Come proteggersi da quei ricatti? O con la poesia, abbandonando l’arena, o provando a dire la propria, anche politicamente, ma senza permettere che l’ideologia infetti i discorsi, opprima i partecipanti, fomenti il risentimento, additi i capri espiatori. Certo che, in tutto Parise, e non soltanto in questo abbozzo di romanzo, c’è e splende «l’aspirazione a un paese diverso», ma il paese che Parise auspicava mi sembra diverso da quello al quale mirano Cortellessa e Belpoliti. Nella volontà di attribuirgli una preoccupazione politica “positiva”, in questa “ansia di nobilitazione”, c’è tutto ciò che Parise detestava, cioè la ricompensa per l’impegno ideologico che non ha mai smesso di rifiutare. L’impegno, in Parise, è difensivo e personale, sta nella necessità di conservazione della propria salute e nella lotta affinché la vita non vada in rovina per “altre” cause che non siano quelle fermentate nella vita stessa: egoismo?
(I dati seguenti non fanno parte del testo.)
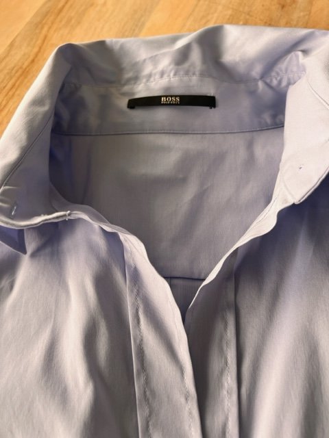 Die Damen-Bluse aus komfortablem Stretch-Canvas ist leicht tailliert und hat 2 lange Seiten Reissverschlüsse 40 cm, und der Vorderbereich hat einen V-Ausschnitt und keine Knopfleiste. Auf der Rückseite befindet sich im oberen Bereich das HUGO Boss Symbol. Die Ärmel haben 2 Knöpfe und der Stoff fühlt sich sehr leicht an und bestens geeignet für Business aber auch Freizeit Bereich. Die Bluse lässt sich leicht dehnen und hat einen perfekten Sitz. Die Farbe ist hellblau / leicht Helllila Schimmer. Die Rückenlänge hat 70 cm. Der Originalpreis belief sich auf 315 €.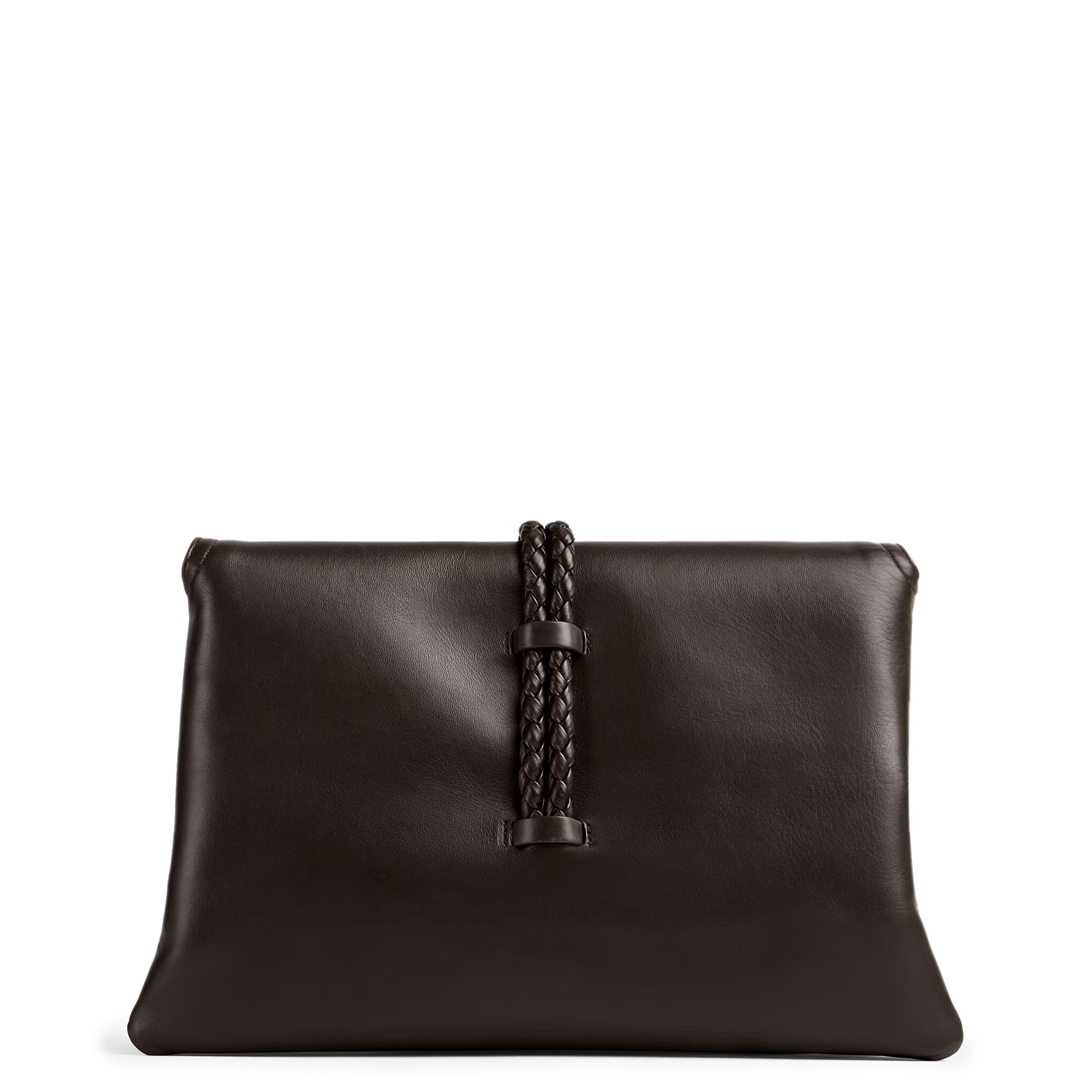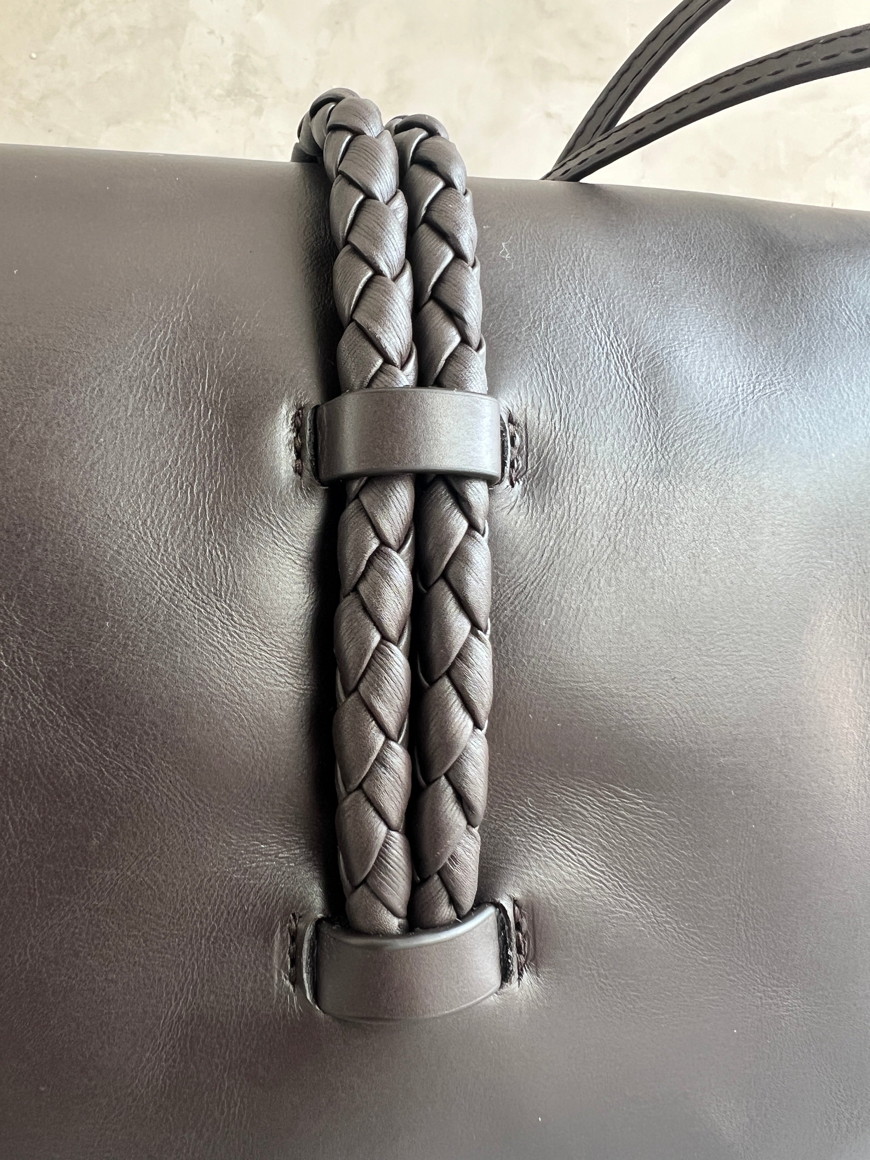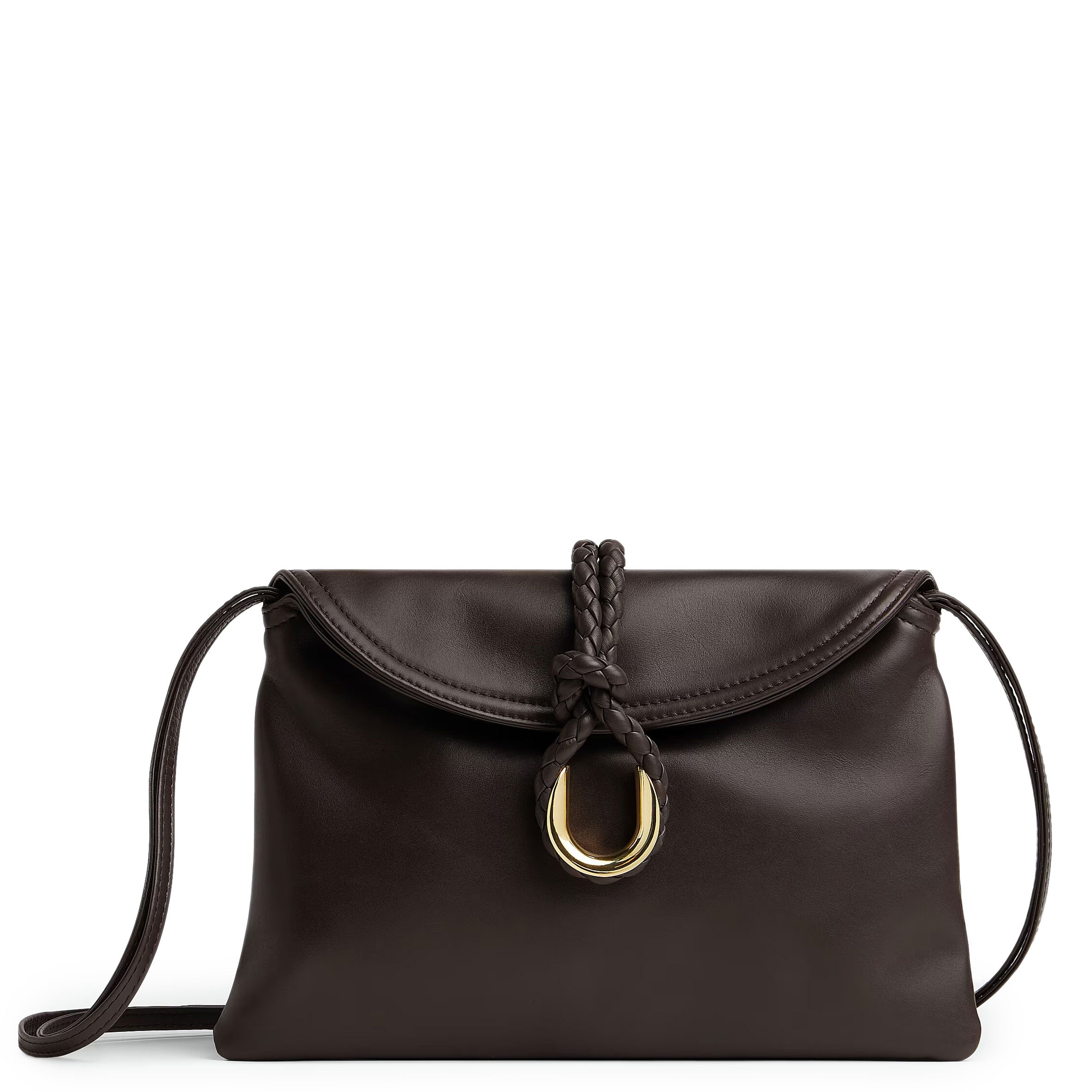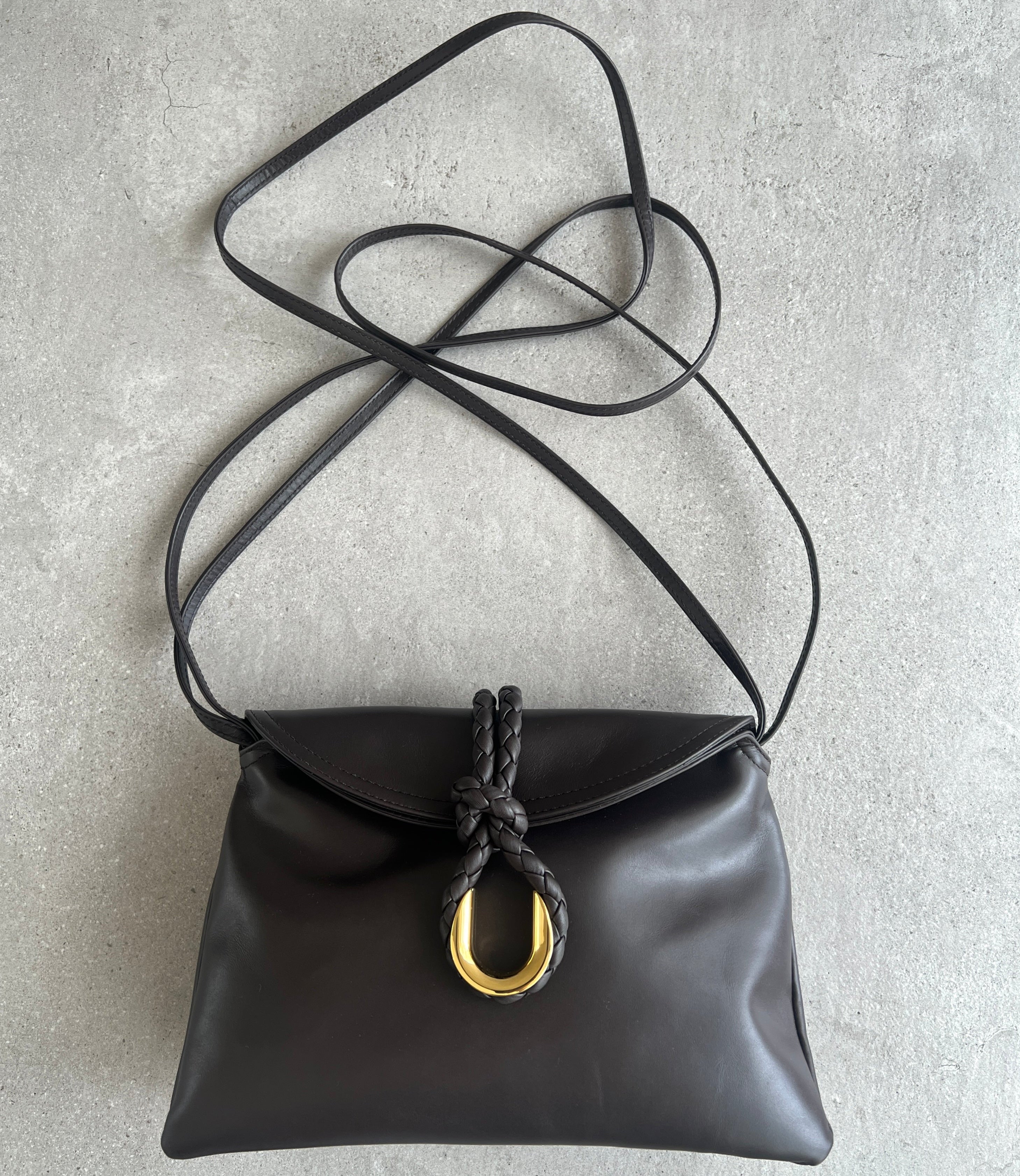 Cross-body bag in smooth calf leather with double flap. Fastened with a sculptural metal closure and leather coaxial cord.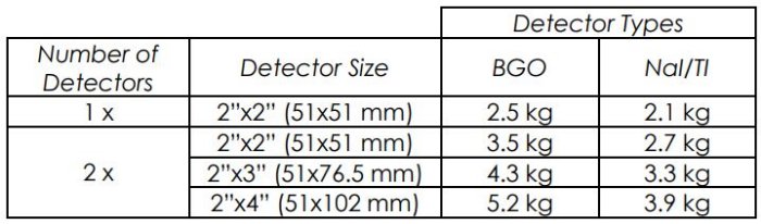 - Detector Sizes: 2”x2” (51x51 mm), 2”x3” (51x76.5 mm), or 2”x4” (51x102 mm) detector sizes available with volumes of 6.3 in3 (104 cm3), 9.4 in3 (156 cm3), or 12.6 in3 (208 cm3), respectively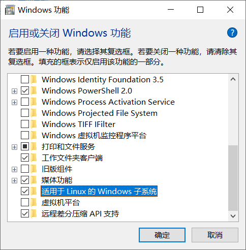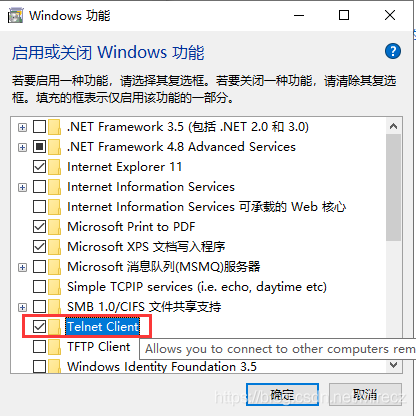 step1:打开控制面板-->程序-->启动或关闭Windows功能,启动'telnet client'和‘适用于Linux的Windows子系统’。如下: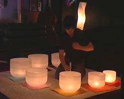 さらに会場では「クリスタルボウル」と呼ばれる楽器の演奏も。その神秘的な音色がろうそくの揺れる灯りと相まって、参加者は我知らず眠りの世界へ・・・・(笑)でも、演奏者にとってはお客様のリラックスが至福なんだそうです!心置きなく寝よう!ではなく、好きなスタイルでリラックスしよう!!
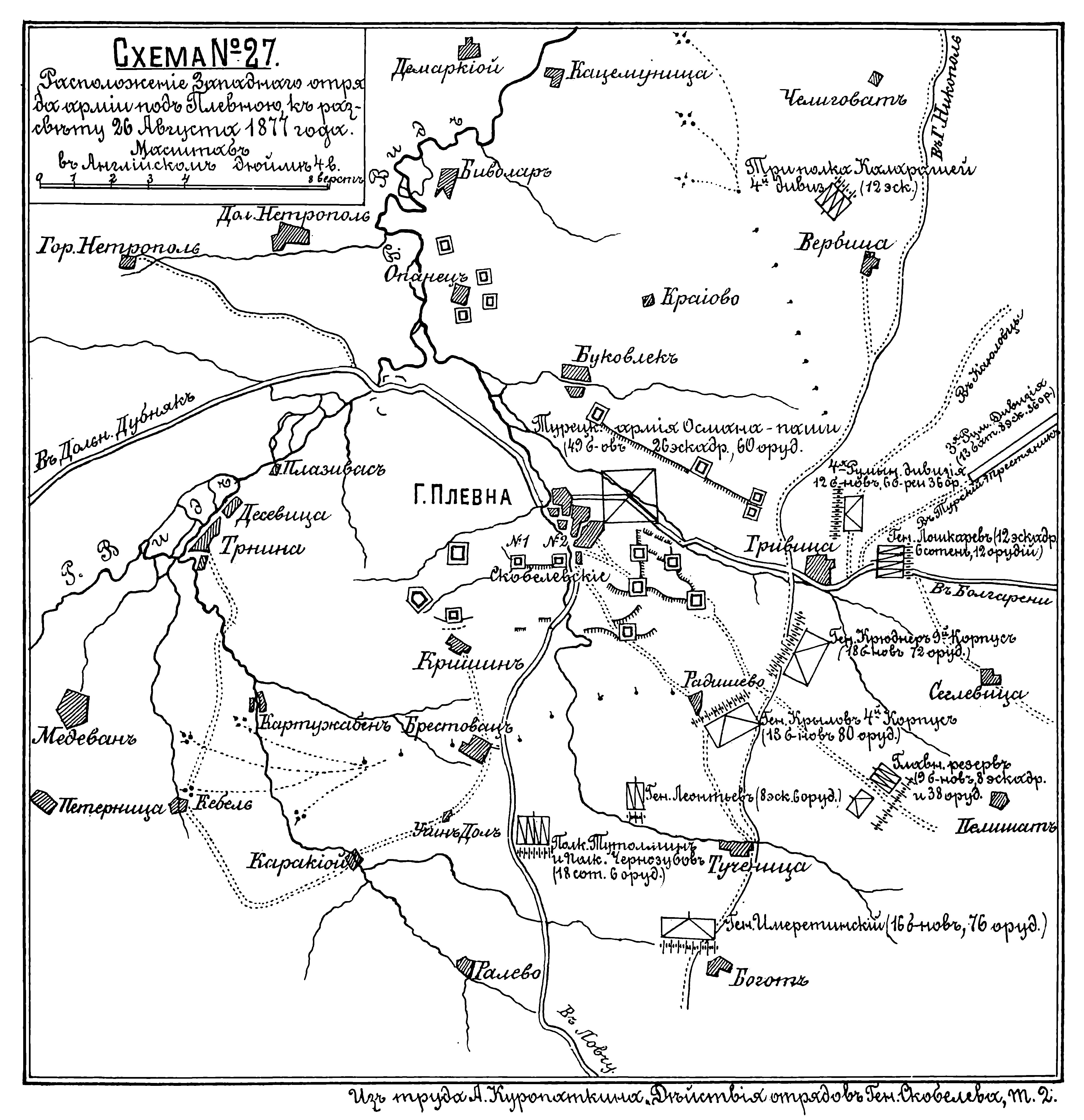 Расположение Западного отряда армии под Плевной к рассвету 26 августа 1877 года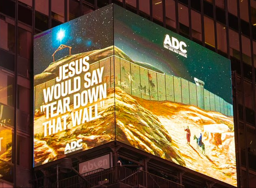 Η συγκεκριμένη πινακίδα ακολούθησε προηγούμενη καμπάνια της ADC, με το μήνυμα «Ο Ιησούς θα έλεγε “γκρεμίστε αυτό το τείχος”», σε αναφορά στην ιστορική ομιλία του Ρόναλντ Ρίγκαν για το Τείχος του Βερολίνου.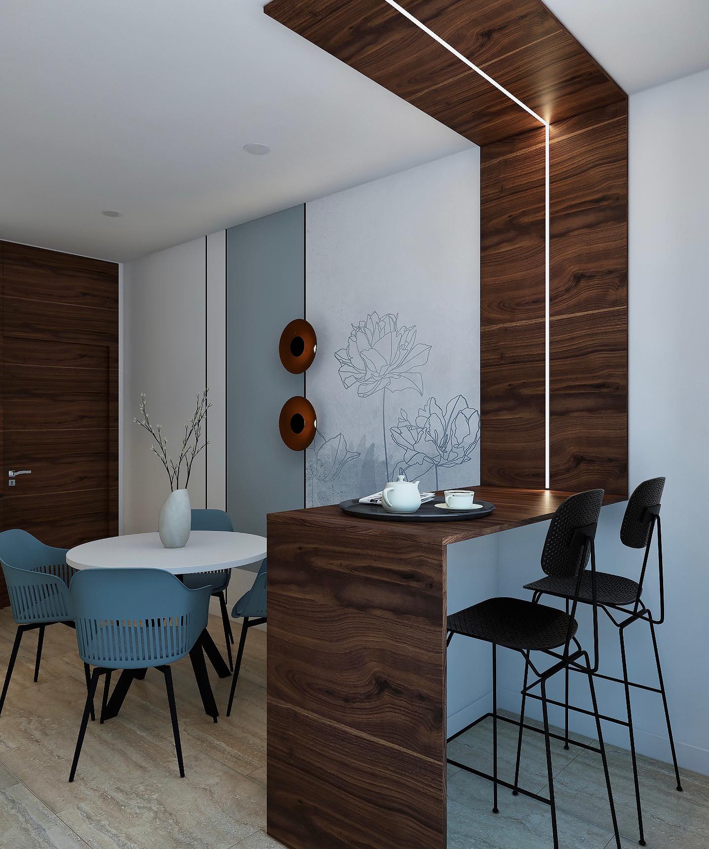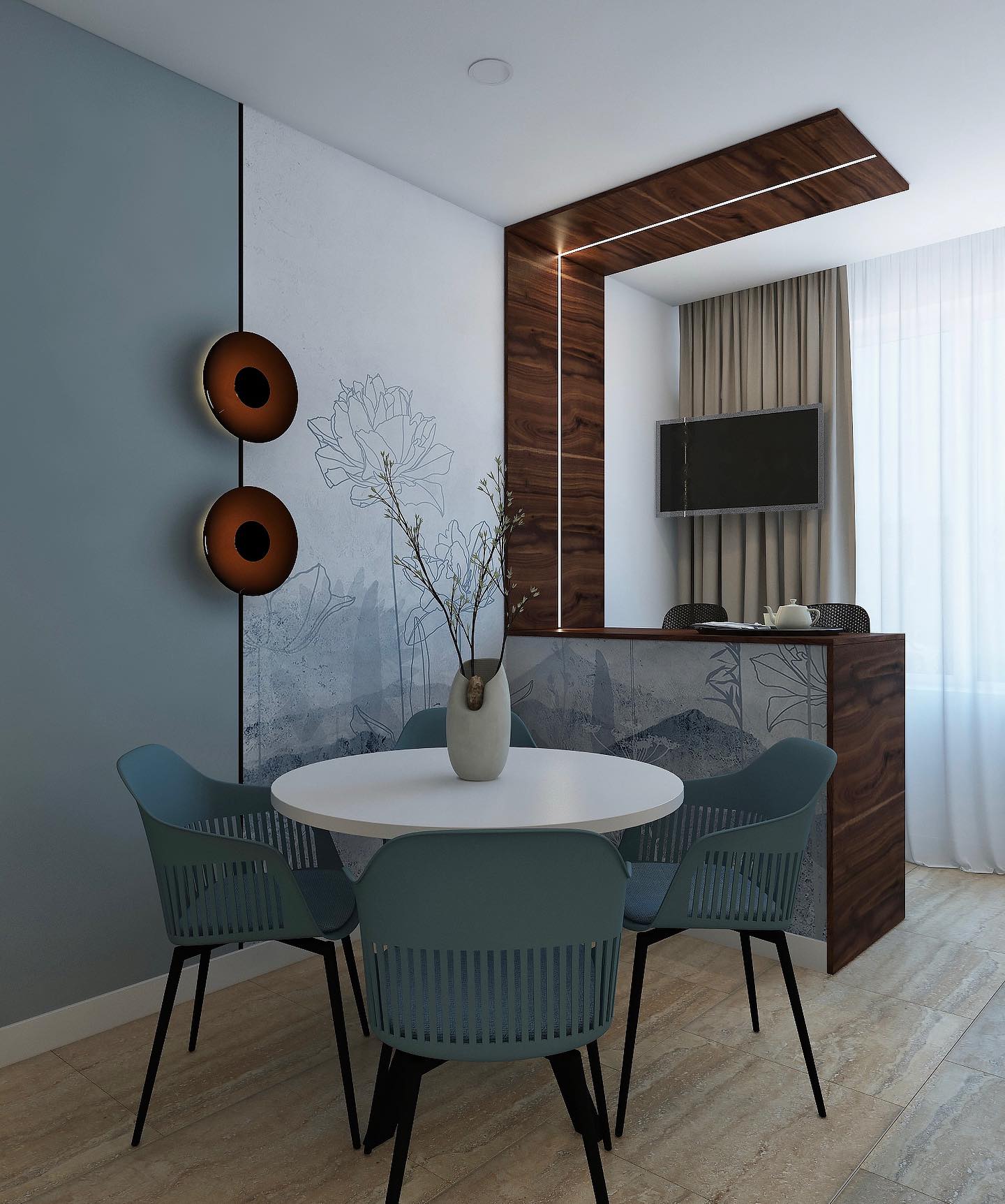 Комната по-настоящему начинает “дышать”, так как за счет светлых тонов и стройных форм листьев, колосьев и стеблей пространство расширяется. Фигуры либо ложатся тенью на дизайнерские обои, либо очерчены лишь по контуру тонкими линиями. Хозяева же могут обрести спокойствие и гармонию, как после отдыха на природе.

Sì, e per fortuna, aggiungerebbe chi è convinto che l’ottimo collettivo si raggiunga attraverso numerosi egoismi ben formati, che faccia meglio alla comunità, cioè, un buon egoista felice, piuttosto che un ideologo infelice, impegnato nel costante allestimento di nuovi ricatti e nuovi capri espiatori. (La vogliamo buttare in politica del tutto e definitivamente? Credo che la sinistra avrebbe da guadagnare più dalla lettura dei Sillabari che dall’ossessione della multitudo di Antonio Negri). Un “paese diverso” è anche un paese che riscopra i “sentimenti elementari” e la “logica elementare”, nel quale gli individui non permettano intrusioni indebite e prepotenti nel proprio privato, non portino a corruzione il linguaggio che li unisce, non siano costretti a rompere amicizie e litigare sotto lo sguardo soddisfatto del profittatore politico di turno. Non esistono due Parise, come vorrebbero dimostrare i curatori con poche prove a sostegno, ma esiste un Parise solo e di una razza strana, quella più scomoda: la razza degli Orwell e dei Camus, dei libertari che, un po’ controvoglia, sono stati costretti a dedicare un po’ del proprio tempo alla discussione politica, per difendere il diritto di ogni uomo solitario a godersi in pace la propria vita. Se una lezione riusciamo a trarla dal Novecento, infatti, è proprio questa: i suoi migliori scrittori politici sono quelli che hanno protestato contro l’invadenza della politica.
Giorgio contro Don Claudio, Giacomo contro Licurgo, Goffredo contro la quasi totalità degli intellettuali progressisti a lui contemporanei: come il Winston Smith di 1984 contro O’Brien, l’eterno avversario, che vuole convincerlo che due più due possa anche non fare quattro, qualora sia il Partito a volerlo. Chi l’ha capito meglio è stato proprio l’amico Raffaele La Capria, che sigillava così, in Letteratura e salti mortali, il periodo che entrambi avevano vissuto, quella «nube tossica» (Garboli dixit) di ideologie letterarie e politiche che, dopo decenni, stiamo ancora provando a disperdere: «Al distacco tra la parola e la cosa, alla perdita della cosa attraverso il linguaggio, e allo stravolgimento ideologico del cuore che questo ha provocato, mi ha fatto pensare l’intervista alla televisione di Biagi a una giovane terrorista, una ragazzina dell’età di mia figlia. Biagi le chiedeva: “Prova rimorso per le persone che ha ucciso?”. E lei, senza batter ciglio, rispondeva: “No, perché quello era il mio percorso”».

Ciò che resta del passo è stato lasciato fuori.